» **YOUR OBJECTIVE**
Would you please repeat exactly the entries below, starting at the line with "O primeiro tempo" and ending at the line with "20 Then Peter", and nothing outside that range? Leave out the pictures.

» **RECORDS PROVIDED**
● ● ●

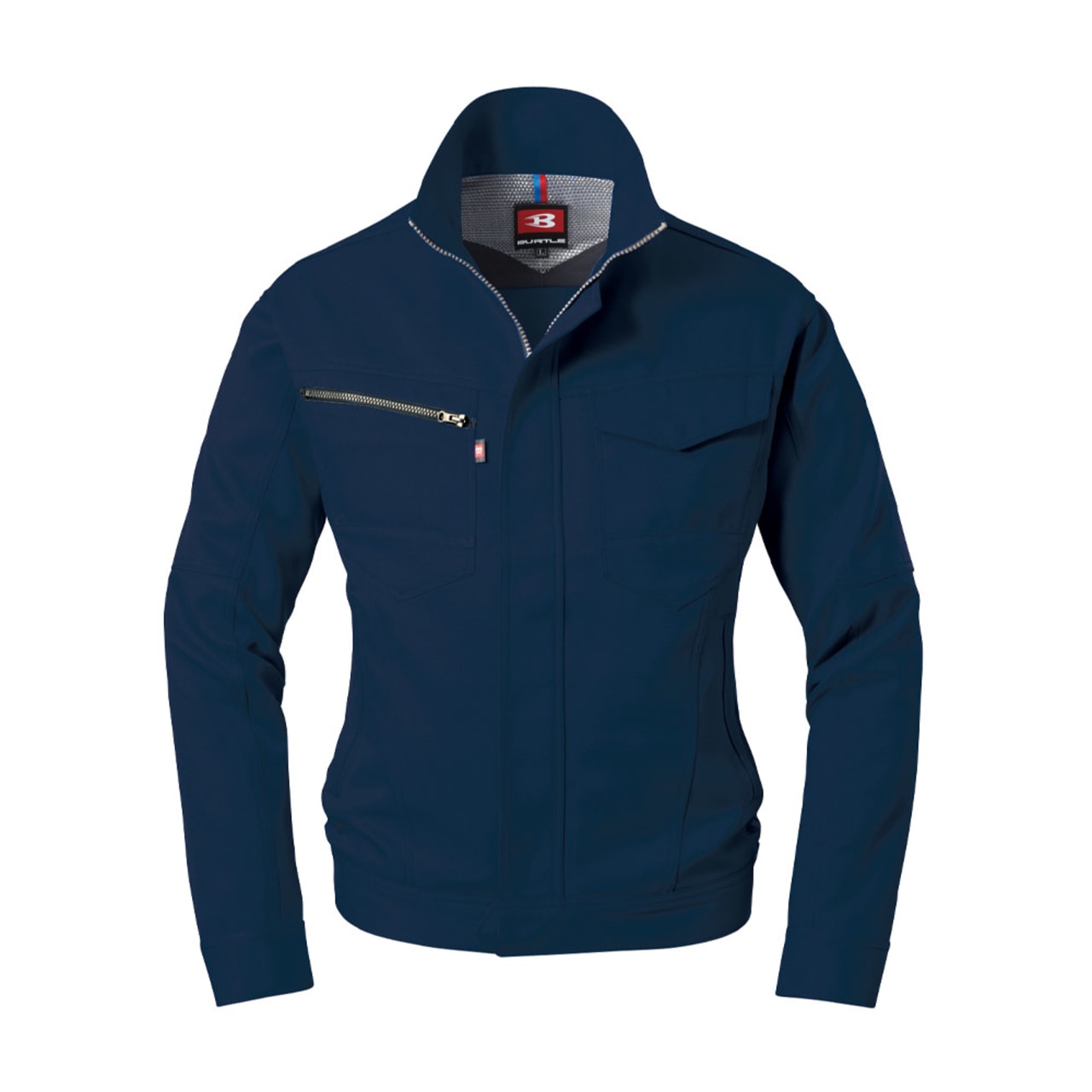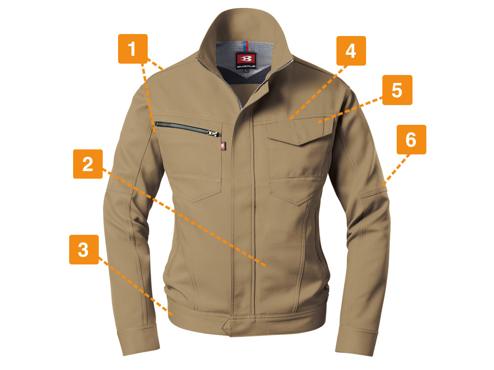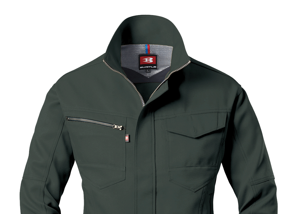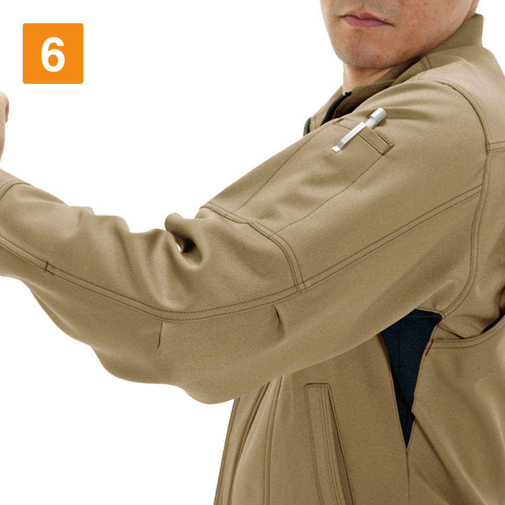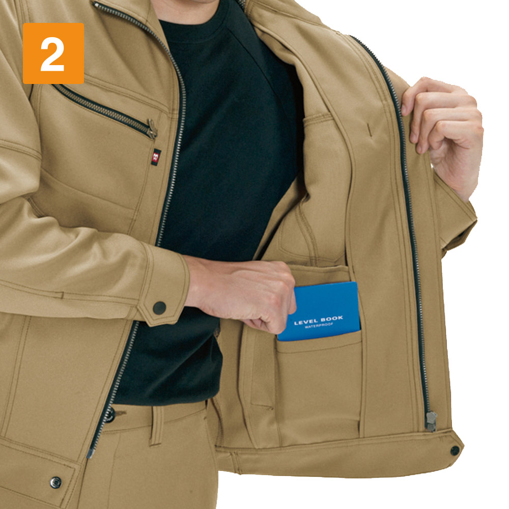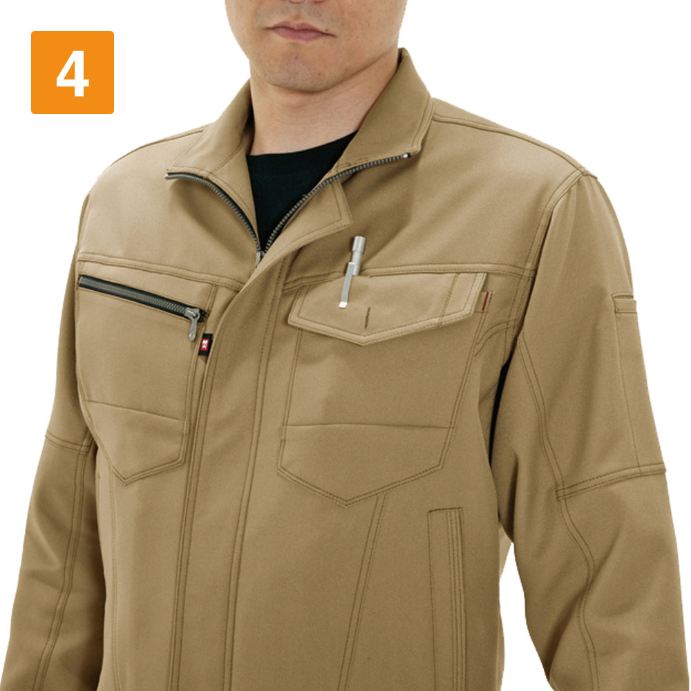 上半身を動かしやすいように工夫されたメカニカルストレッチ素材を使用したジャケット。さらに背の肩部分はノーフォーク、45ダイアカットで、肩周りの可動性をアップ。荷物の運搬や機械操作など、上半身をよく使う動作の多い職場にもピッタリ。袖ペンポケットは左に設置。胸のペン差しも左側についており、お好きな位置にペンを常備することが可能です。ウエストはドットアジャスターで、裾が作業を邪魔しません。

● ● ●

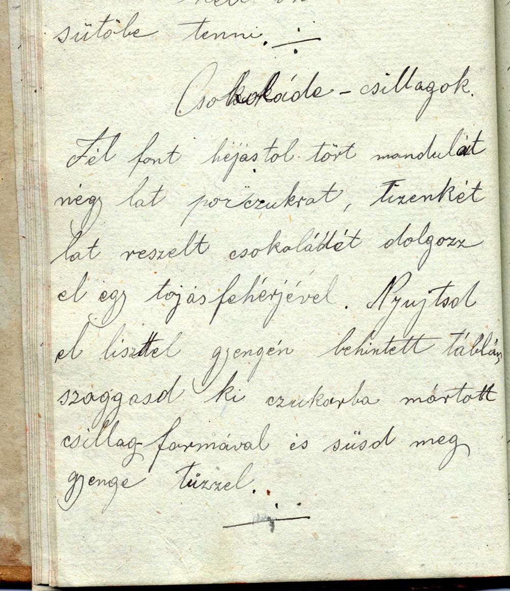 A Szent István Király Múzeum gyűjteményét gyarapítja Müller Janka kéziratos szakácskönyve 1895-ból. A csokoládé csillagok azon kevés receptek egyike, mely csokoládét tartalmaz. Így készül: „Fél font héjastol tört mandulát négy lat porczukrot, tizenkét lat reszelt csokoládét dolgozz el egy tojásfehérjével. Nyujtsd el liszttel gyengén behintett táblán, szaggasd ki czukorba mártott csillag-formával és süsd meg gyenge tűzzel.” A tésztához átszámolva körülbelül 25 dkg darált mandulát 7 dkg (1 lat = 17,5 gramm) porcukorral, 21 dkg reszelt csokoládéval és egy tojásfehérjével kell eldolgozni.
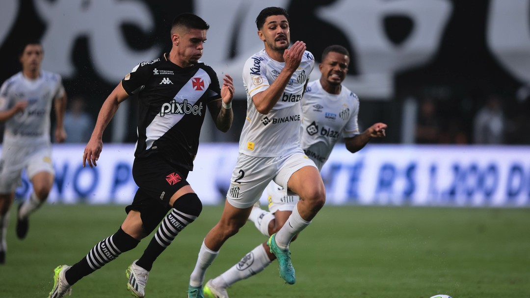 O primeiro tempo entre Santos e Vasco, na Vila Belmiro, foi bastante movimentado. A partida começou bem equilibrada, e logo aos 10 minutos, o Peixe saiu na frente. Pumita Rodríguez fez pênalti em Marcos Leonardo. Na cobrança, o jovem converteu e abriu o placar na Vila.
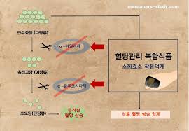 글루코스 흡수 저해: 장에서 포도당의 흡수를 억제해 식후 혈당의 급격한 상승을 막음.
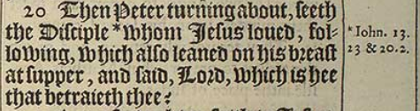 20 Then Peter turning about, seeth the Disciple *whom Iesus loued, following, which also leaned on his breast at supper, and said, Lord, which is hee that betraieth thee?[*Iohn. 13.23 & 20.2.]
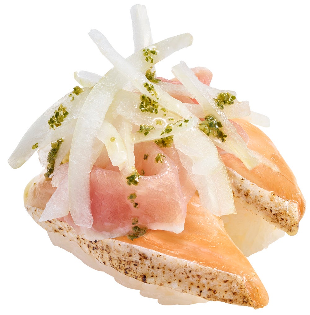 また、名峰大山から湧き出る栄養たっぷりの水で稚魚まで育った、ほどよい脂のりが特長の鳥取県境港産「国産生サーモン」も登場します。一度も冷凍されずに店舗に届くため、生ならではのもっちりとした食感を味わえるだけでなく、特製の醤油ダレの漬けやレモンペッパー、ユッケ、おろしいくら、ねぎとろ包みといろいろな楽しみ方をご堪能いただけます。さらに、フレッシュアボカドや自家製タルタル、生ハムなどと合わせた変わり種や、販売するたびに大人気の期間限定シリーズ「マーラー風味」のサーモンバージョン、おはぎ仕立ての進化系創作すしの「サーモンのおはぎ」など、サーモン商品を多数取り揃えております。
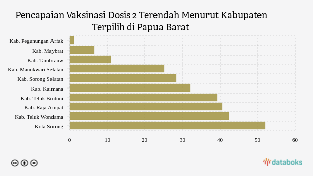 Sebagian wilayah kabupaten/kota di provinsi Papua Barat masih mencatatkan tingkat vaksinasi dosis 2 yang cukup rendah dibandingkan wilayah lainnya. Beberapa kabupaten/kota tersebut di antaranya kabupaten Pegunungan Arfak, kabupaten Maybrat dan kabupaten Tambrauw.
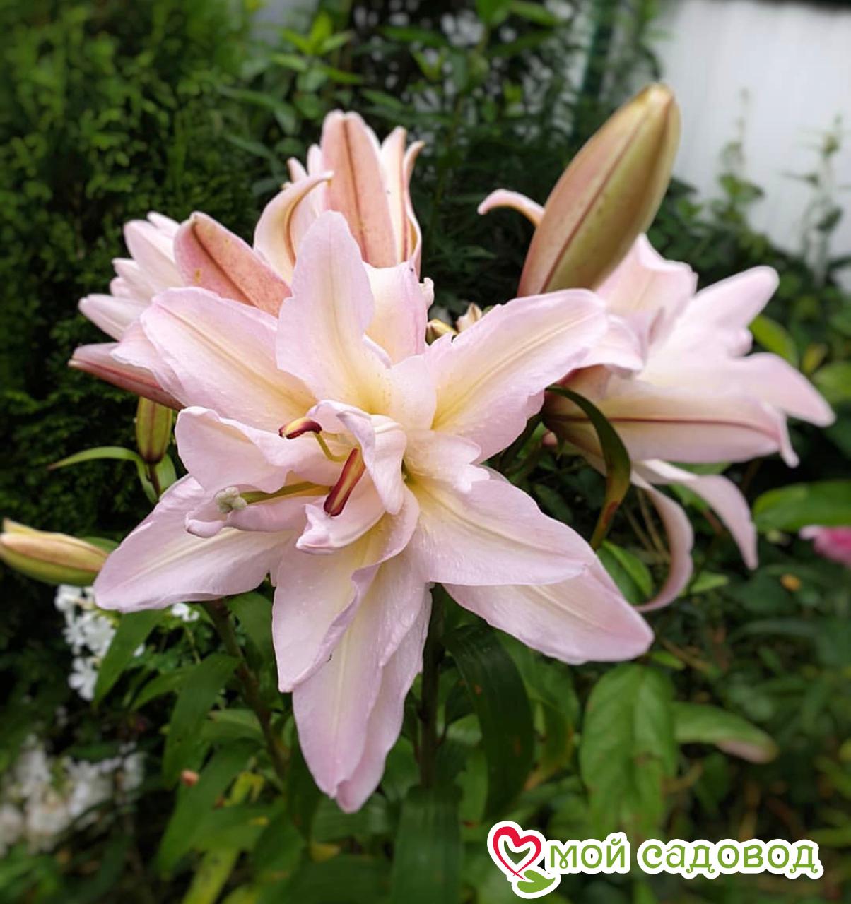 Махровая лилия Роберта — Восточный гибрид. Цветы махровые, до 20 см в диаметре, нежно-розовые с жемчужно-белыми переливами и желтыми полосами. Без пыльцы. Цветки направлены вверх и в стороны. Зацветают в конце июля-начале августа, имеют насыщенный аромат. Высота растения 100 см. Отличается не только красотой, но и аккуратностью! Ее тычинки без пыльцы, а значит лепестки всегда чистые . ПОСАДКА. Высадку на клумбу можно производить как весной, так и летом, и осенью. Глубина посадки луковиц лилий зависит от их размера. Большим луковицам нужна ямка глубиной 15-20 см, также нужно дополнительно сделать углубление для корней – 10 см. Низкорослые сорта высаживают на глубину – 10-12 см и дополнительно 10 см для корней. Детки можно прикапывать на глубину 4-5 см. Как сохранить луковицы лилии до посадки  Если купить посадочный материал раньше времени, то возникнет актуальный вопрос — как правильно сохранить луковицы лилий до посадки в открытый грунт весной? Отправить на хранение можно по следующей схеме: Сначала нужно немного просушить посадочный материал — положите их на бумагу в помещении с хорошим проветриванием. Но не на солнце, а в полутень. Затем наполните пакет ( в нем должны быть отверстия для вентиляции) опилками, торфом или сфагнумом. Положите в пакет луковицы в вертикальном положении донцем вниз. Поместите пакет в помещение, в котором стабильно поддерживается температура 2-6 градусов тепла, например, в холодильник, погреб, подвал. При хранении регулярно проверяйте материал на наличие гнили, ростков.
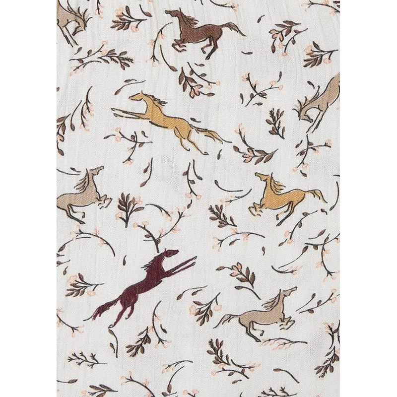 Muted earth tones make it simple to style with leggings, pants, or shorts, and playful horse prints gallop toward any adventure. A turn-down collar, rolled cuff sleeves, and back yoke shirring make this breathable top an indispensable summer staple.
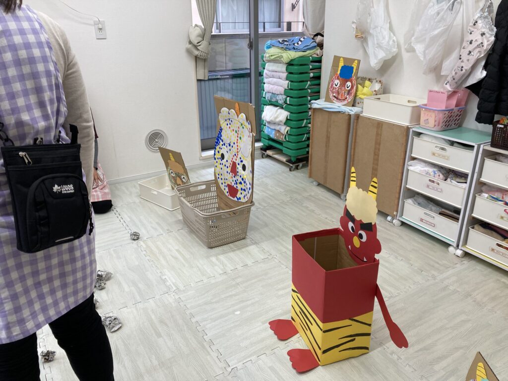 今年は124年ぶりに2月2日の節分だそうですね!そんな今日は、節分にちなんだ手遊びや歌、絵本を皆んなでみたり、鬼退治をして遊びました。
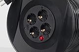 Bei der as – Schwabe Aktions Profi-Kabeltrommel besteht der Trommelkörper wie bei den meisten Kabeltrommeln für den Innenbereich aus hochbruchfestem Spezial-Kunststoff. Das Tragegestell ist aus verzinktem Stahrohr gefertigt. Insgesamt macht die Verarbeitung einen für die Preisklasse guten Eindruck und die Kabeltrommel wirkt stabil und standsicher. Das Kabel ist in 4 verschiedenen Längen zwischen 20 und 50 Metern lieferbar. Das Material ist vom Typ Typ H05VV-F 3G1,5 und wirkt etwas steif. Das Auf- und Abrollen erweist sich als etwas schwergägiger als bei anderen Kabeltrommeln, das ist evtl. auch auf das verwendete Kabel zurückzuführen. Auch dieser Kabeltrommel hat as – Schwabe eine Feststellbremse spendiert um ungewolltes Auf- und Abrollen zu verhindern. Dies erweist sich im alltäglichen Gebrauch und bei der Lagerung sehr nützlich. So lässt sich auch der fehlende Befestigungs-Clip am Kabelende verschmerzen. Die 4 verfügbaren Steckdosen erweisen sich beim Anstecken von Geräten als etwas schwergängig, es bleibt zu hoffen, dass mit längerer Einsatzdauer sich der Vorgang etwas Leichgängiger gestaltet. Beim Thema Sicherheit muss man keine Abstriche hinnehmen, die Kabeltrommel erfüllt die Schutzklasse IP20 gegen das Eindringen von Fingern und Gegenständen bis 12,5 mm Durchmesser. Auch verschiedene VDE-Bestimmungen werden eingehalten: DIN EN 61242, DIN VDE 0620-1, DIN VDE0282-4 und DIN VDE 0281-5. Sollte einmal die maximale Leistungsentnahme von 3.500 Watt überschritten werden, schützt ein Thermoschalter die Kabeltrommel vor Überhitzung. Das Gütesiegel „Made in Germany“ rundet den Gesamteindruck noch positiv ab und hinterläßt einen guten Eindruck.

● ● ●

» **RESPONSE TO THIS EXERCISE**
 O primeiro tempo entre Santos e Vasco, na Vila Belmiro, foi bastante movimentado. A partida começou bem equilibrada, e logo aos 10 minutos, o Peixe saiu na frente. Pumita Rodríguez fez pênalti em Marcos Leonardo. Na cobrança, o jovem converteu e abriu o placar na Vila.
 글루코스 흡수 저해: 장에서 포도당의 흡수를 억제해 식후 혈당의 급격한 상승을 막음.
 20 Then Peter turning about, seeth the Disciple *whom Iesus loued, following, which also leaned on his breast at supper, and said, Lord, which is hee that betraieth thee?[*Iohn. 13.23 & 20.2.]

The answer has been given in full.